TASK BRIEF: Print each entry in full, word for word, with no pictures in the result.

** PROVIDED DATA follows **

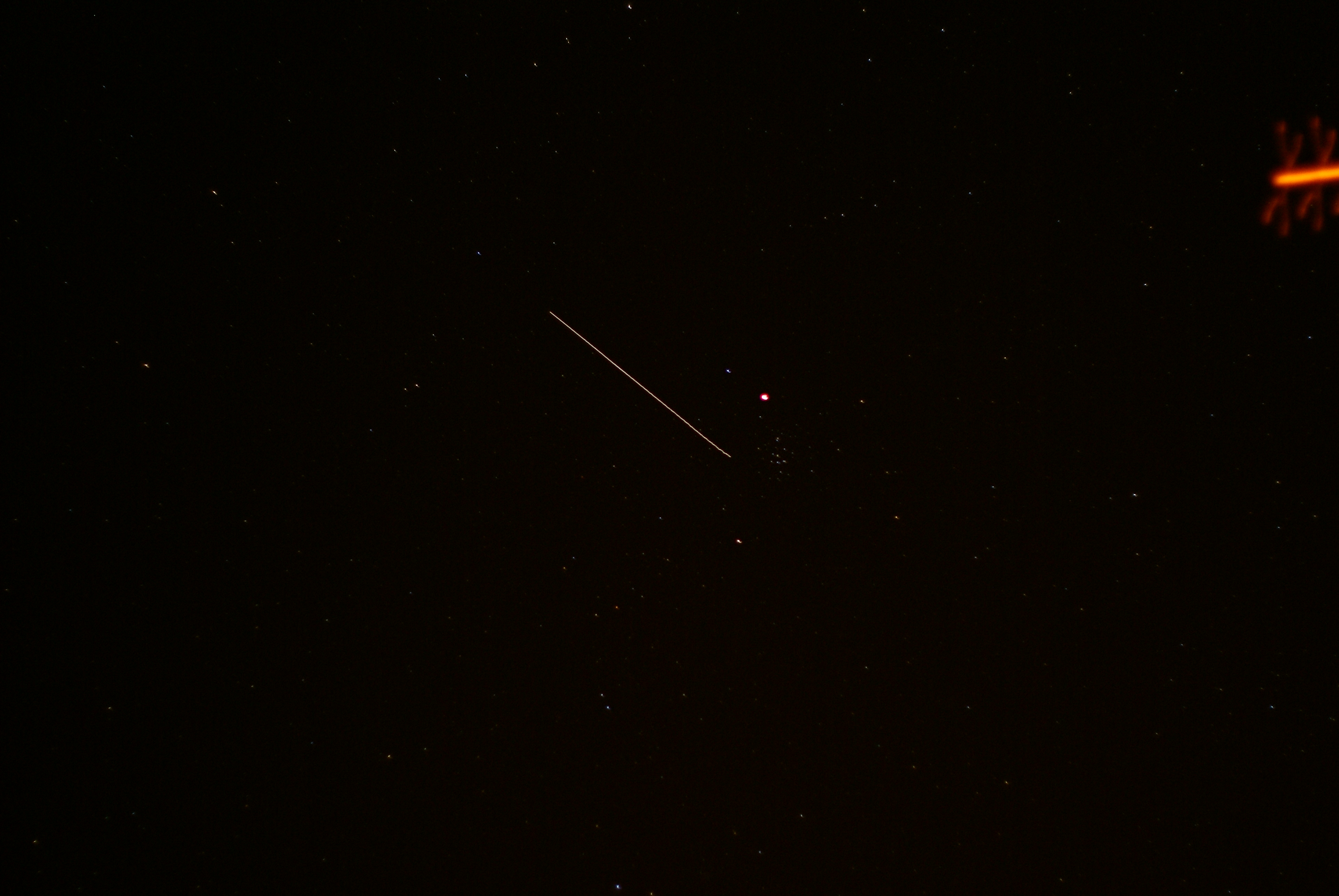 Mars near Praesepe and a satellite UARS (Upper Atmosphere Research Satellite, deployed from the Space Shuttle on mission STS-48). Image was captured on 16th April 2010 22:06
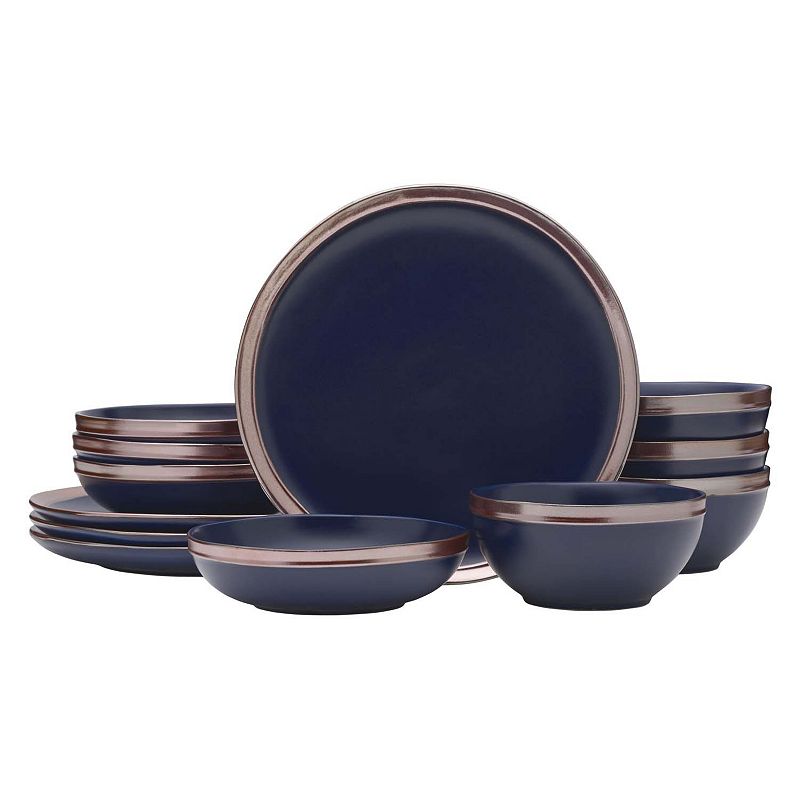 Mikasa Miller Blue 12-Piece Stoneware Dinnerware Set, Multi NoneTake your dining room place setting up a notch with this Mikasa Miller Blue 12-Piece Stoneware Dinnerware Set. Take your dining room place setting up a notch with this Mikasa Miller Blue 12-Piece Stoneware Dinnerware Set. FEATURES Vibrant design Blue reactive glaze with a rose gold finish bandingWHAT'S INCLUDED 4 dinneMikasa
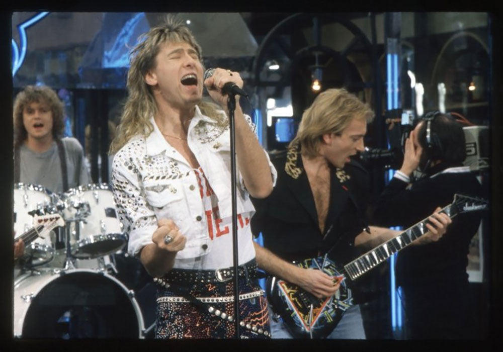 Photo of Def Leppard's 1988 appearance on the German television show "Spruch Reif." Photo: Ross Halfin. From the Collection of Def Leppard.
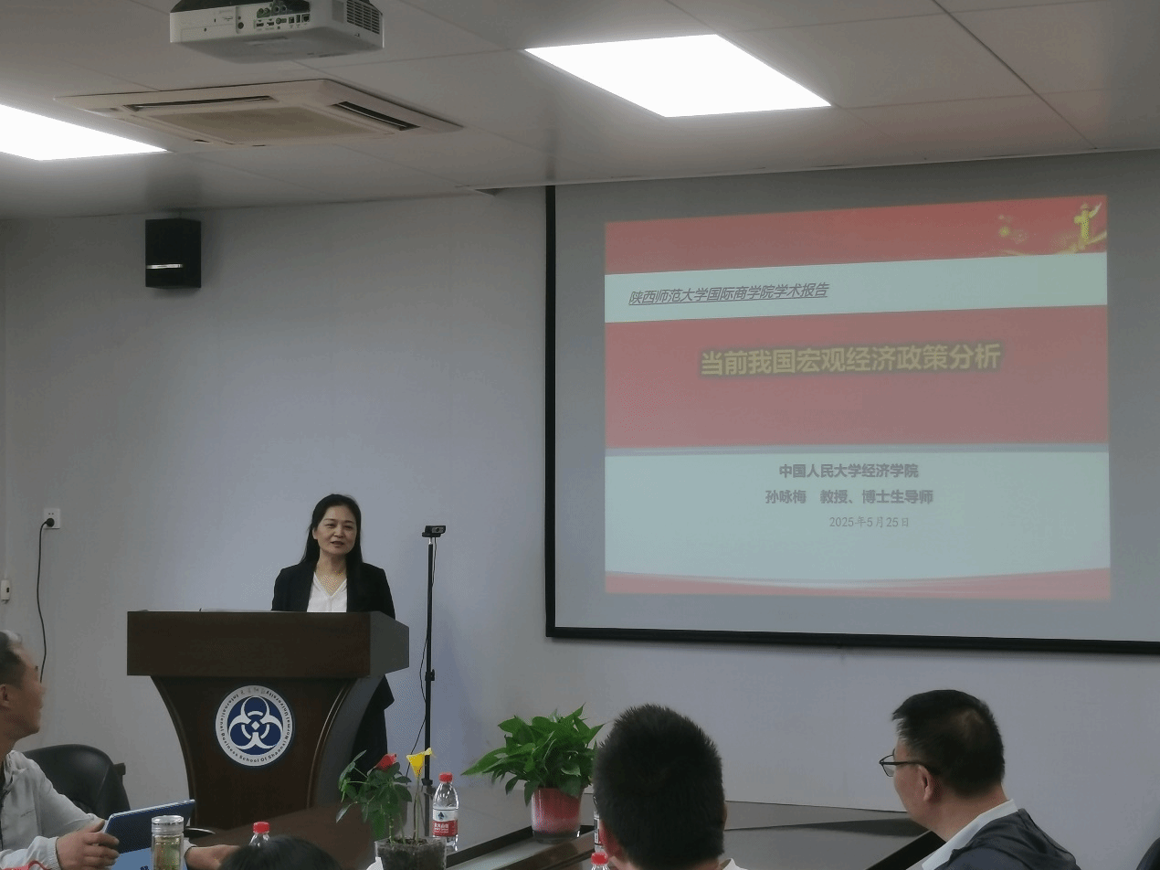 2025年5月25日下午,学院特邀中国人民大学孙咏梅教授在文澜楼1329报告厅就“当前我国宏观经济政策分析”进行深度解读。学院院长雷宏振教授主持本次讲座,学院经济系教师及部分研究生参加了此次交流。
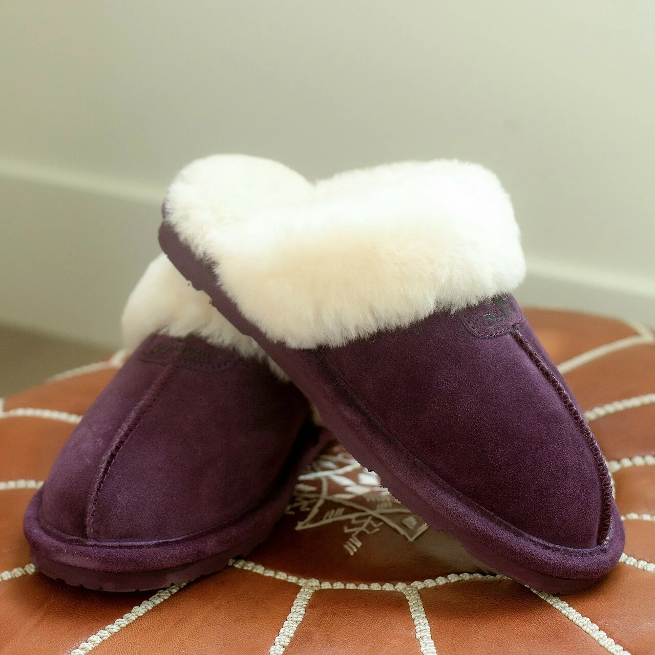 - Sheepskin collar with suede or quilted velvet upper
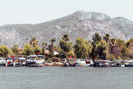 (Muğla - Turkey 05 February 2021) Travel boats in Akyaka, Kadın Azmağı Stream, one of the favorite places of tourism.
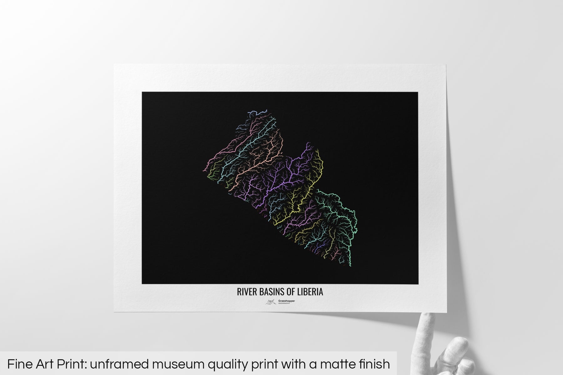 Liberia - River basin map, pastel colours - Wall Art
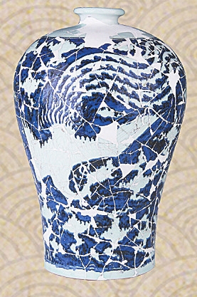 过去常见宝石蓝地饰红、白花纹,而以青花作地为永乐首见。该件文物口径8.5厘米, 高43.6厘米,堪称孤品,是御窑厂遗址出土的众多瓷器中最“碎”的一件,由466块青花瓷片经一年时间拼对、修复而成。其外壁以青花为地,以留白与锥拱相结合,腹部饰青花地刻白龙、白凤纹,展翅凤纹舒展优美,底部刻白海潮纹,整体器型工艺精巧、制作难度大,有极高的文物价值。现藏于景德镇御窑博物馆。 (本报记者 毛江凡)
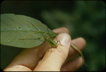 Written on slide: Katydid camoflauged on Brazilian Pepperbush; Photo by E.L. Manigault Sarasota, Florida
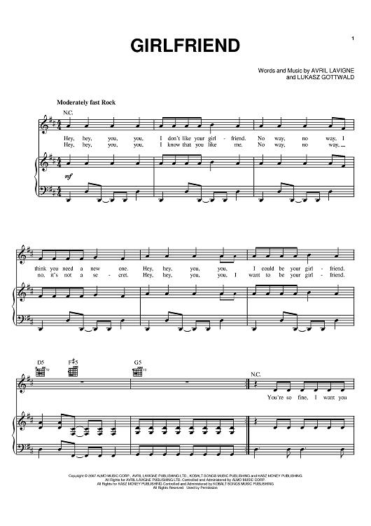 Digital Sheet Music for Girlfriend by Avril Lavigne, Lukasz Gottwald scored for Piano/Vocal/Chords; id:396726
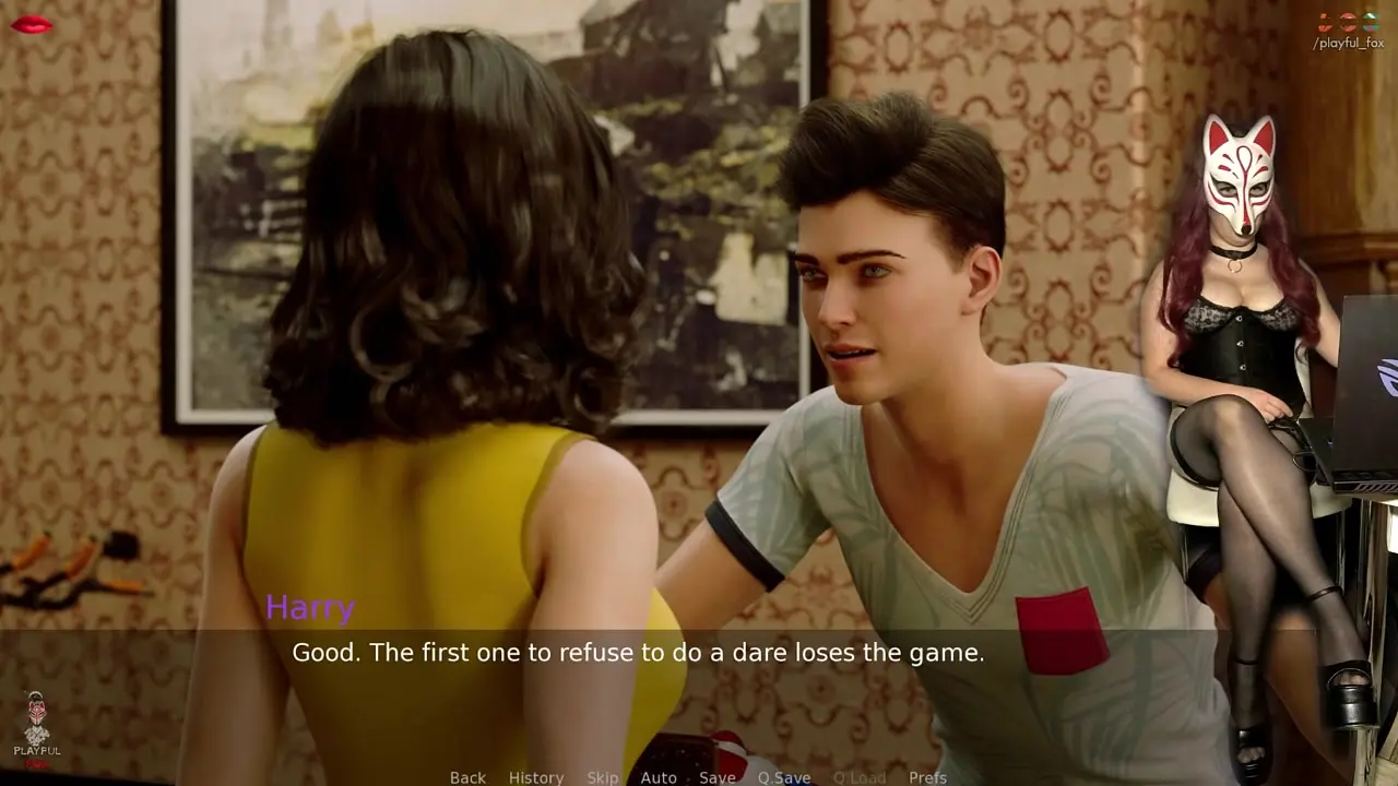 Playful fox gamer girl in stockings and see-through bra

** End of PROVIDED DATA **

YOUR RESPONSE:
 Mars near Praesepe and a satellite UARS (Upper Atmosphere Research Satellite, deployed from the Space Shuttle on mission STS-48). Image was captured on 16th April 2010 22:06
 Mikasa Miller Blue 12-Piece Stoneware Dinnerware Set, Multi NoneTake your dining room place setting up a notch with this Mikasa Miller Blue 12-Piece Stoneware Dinnerware Set. Take your dining room place setting up a notch with this Mikasa Miller Blue 12-Piece Stoneware Dinnerware Set. FEATURES Vibrant design Blue reactive glaze with a rose gold finish bandingWHAT'S INCLUDED 4 dinneMikasa
 Photo of Def Leppard's 1988 appearance on the German television show "Spruch Reif." Photo: Ross Halfin. From the Collection of Def Leppard.
 2025年5月25日下午,学院特邀中国人民大学孙咏梅教授在文澜楼1329报告厅就“当前我国宏观经济政策分析”进行深度解读。学院院长雷宏振教授主持本次讲座,学院经济系教师及部分研究生参加了此次交流。
 - Sheepskin collar with suede or quilted velvet upper
 (Muğla - Turkey 05 February 2021) Travel boats in Akyaka, Kadın Azmağı Stream, one of the favorite places of tourism.
 Liberia - River basin map, pastel colours - Wall Art
 过去常见宝石蓝地饰红、白花纹,而以青花作地为永乐首见。该件文物口径8.5厘米, 高43.6厘米,堪称孤品,是御窑厂遗址出土的众多瓷器中最“碎”的一件,由466块青花瓷片经一年时间拼对、修复而成。其外壁以青花为地,以留白与锥拱相结合,腹部饰青花地刻白龙、白凤纹,展翅凤纹舒展优美,底部刻白海潮纹,整体器型工艺精巧、制作难度大,有极高的文物价值。现藏于景德镇御窑博物馆。 (本报记者 毛江凡)
 Written on slide: Katydid camoflauged on Brazilian Pepperbush; Photo by E.L. Manigault Sarasota, Florida
 Digital Sheet Music for Girlfriend by Avril Lavigne, Lukasz Gottwald scored for Piano/Vocal/Chords; id:396726
 Playful fox gamer girl in stockings and see-through bra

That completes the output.